В рассказах Мопассана по-видимому имеешь дело с новеллистом веселым, любящим разные вольности и галантные забавные шутки. Но на поверку выходит, что он писал вовсе не для веселых компаний. Тен, которого отвращение к Зола известно, в Мопассану питал особое благорасположение. В шутку он называл Мопассана «волом в печали». В последние годы своей жизни Тэн читал Мопассана, перечитывал его, рекомендовал его своим приятелям. И это понятно. Тоже дурное мнение о человеке, которым дышит вся «Histoire des origines de la France contemporaine» Тэна, тоже презрение к человеку-зверю было «id'ee fixe» Мопассана. По замечанию одного французского критика (Гастона Дешан, сместившего на днях Анатоля Франса в «Temps»), среди моралистов, проповедников и аскетов не найдется писателя, чтение которого было бы более убийственно для нашей гордости, чем это оказывается из произведений Мопассана. Сколько раз он разоблачал, раздевал животное похотливое, жестокое, жадное, которое прячется под высокие цилиндры и изящные костюмы. Скольких из среды культурного человечества он показал во всевозможных смешных положениях и низменных функциях, на какие обречены люди. Сколько раз отмечал он зародыши разрушения, омрачающие наши лучшие дни и отравляющие наши радости.

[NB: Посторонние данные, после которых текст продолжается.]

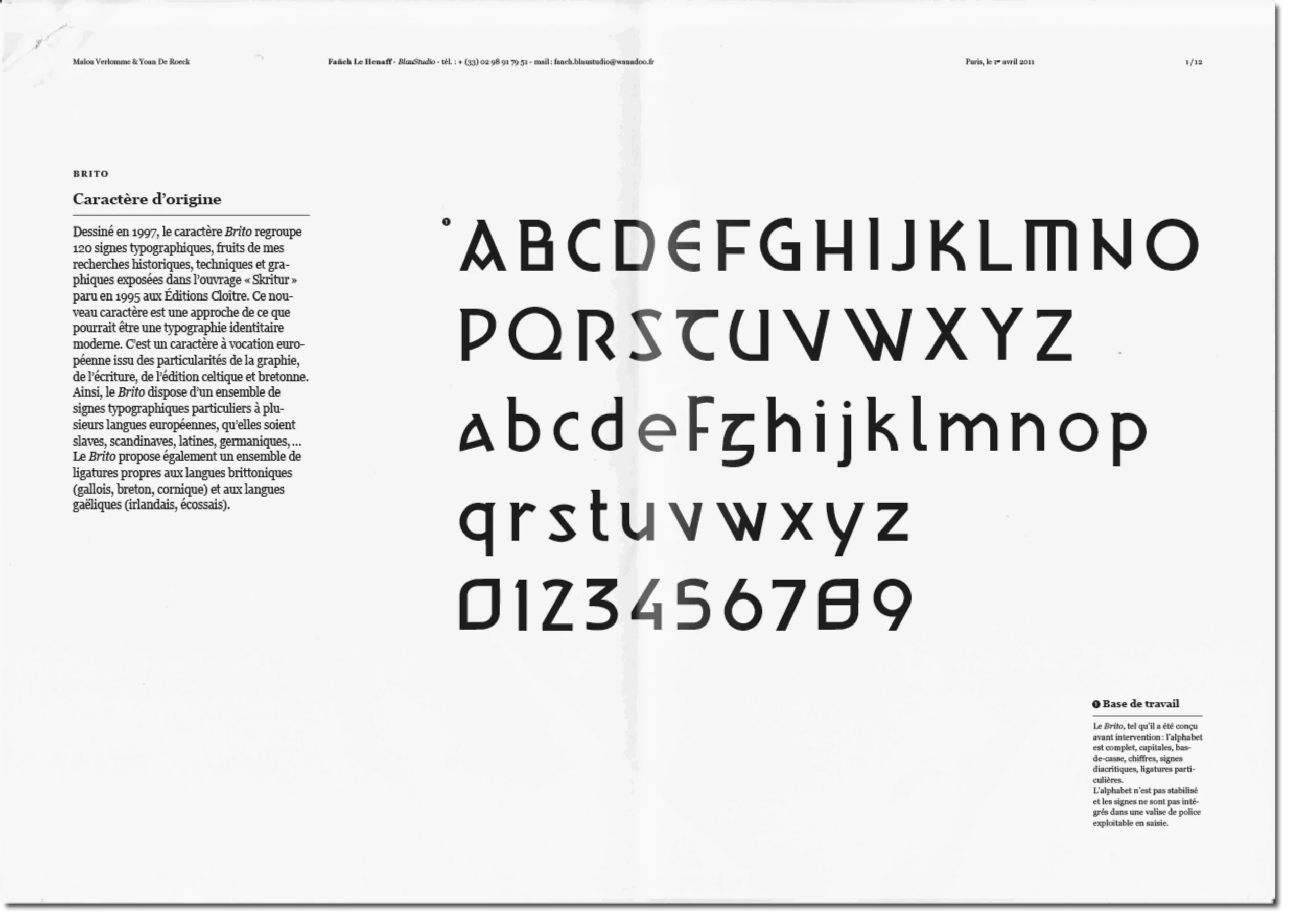 S’il insiste lui aussi pour qu’on n’oublie pas le tilde sur son ñ (« sinon ça se prononce “Fantche” et non “Fanch” »), le graphiste et typographe Fañch Le Henaff se passionne depuis une vingtaine d’années pour les particularismes de la graphie du breton. C’est ainsi qu’il a créé en 1995 le caractère Brito prenant en compte les signes diacritiques et autres lettres propres à la langue bretonne.

Чем дальше стоишь от веры в реальность сверхчувственного, тем менее можешь противиться печали, вытекающей из созерцания вещей преходящих и бренных радостей. Искренний спиритуалист не имеет резона быть меланхоликом, если, конечно, его к тому не обязывает мода или не принуждает худое состояние его желудка. Его бессмертная душа уверена в том, что она переживет опадение листьев, закаты солнца и смену дней. Он найдет снова в лучшем из миров лиц, которых любил некогда. Ему и нечего чересчур сокрушаться о развалинах, накопляющихся вокруг него от возобновления «подлой материи». Напротив, для тех, кто имеет несчастие быть лишенным веры в сверхъестественное, нет такого утешения, которое было бы вполне действительно. Если же ничего не существует вне чувственной видимости, то жизнь, когда пройдет физический пыл юности, должна показаться пустынной, бесцветной, усеянной рухлядью. На каждом шагу наблюдая, как все имеет конец, человек мучается тем чувством непоправимого, против которого тщетно возмущается наше сердце. Всякая поблекшая красота, всякое исчезнувшее счастье, всякая расторгнутая дружба, всякая обманутая надежда тут должна быть почти ежедневным поводом к душевному трауру, и начинаешь бояться пуще всего на свете грубого удара смерти. Тут, без сомнения, надо искать и резона горького пессимизма, приступы которого предшествовали за долго до окончательного кризиса, когда помутился столь ясный ум Мопассана.
Вспомните, о чем в «Une Vie» размышляет несчастная героиня этого романа, обманутая в своей любви, пришибленная, как все деликатные и изящные создания, несоответствием между тем, о чем она мечтала и что оказалось в действительности: «иные воспоминания воскресали в ней: горькие разочарования её сердца. Все было только печалью, бедствием, несчастием и смертью. Все обманывало, все лгало, все заставляло страдать и плакать. Где найти хоть немного покоя и радости? В ином существовании, без сомнения! Когда душа освобождается от земного испытания. Душа! И она принялась мечтать об этой бездонной тайне»…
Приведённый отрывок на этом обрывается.